= LT (car) =

LT was a Swedish car made by Anders Rudolf Lindström, Gottfrid Hansson and Simon Resare.

It got its name from the initials of "Lindström and Torsby" the designer Anders Rudolf Lindström and Torsby in northern Värmland, Sweden, but it was nicknamed "Långsam tillverkning" (Swedish for "slow production").

Car production was first planned in 1909 or possibly earlier, but this first car wasn't a success. In 1923 they made a second model. It had a painted grille, raked windscreen and the design may have been inspired by French cars like the Avions Voisin. It was powered by an air-cooled, two-cylinder engine of their own design and cast at Solbergs Mekaniska in Forshaga. The engine produced 20 HP and was connected to a three-speed gearbox driving the front wheels. The chassis was made of steel tubing and the bodywork of wood veneer. A series of 50 cars was planned, but money was a problem.
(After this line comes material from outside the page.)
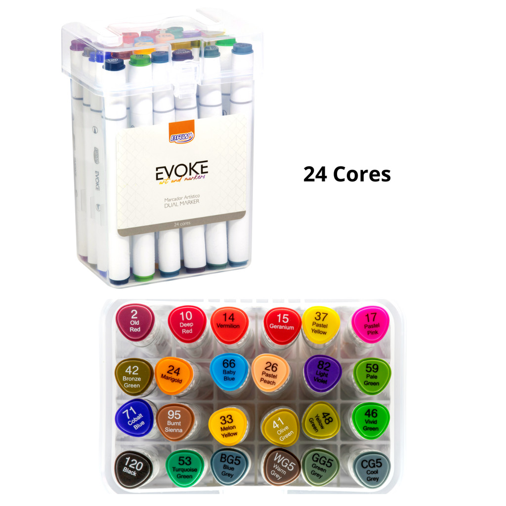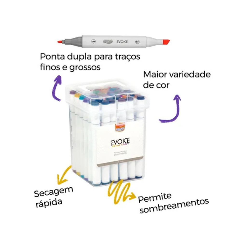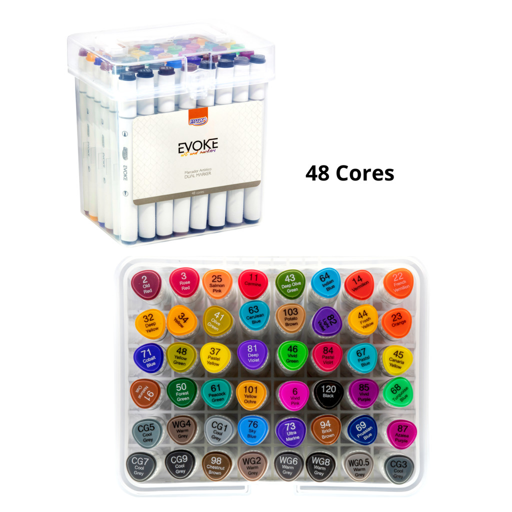 Marcador artístico evoke dual marker estojo com 24, 36, 48 e 80 Cores

A car dealer approached Lindström wanting to hire him for his own production, but Lindström declined the offer hoping for better days to come but the workshop was destroyed in a fire and that was the end of LT with only three cars made. The rights were taken over by a company in Örebro for a modest sum. Today all that remains are some photos, one engine and some casting models at Torsby Fordonsmuseum.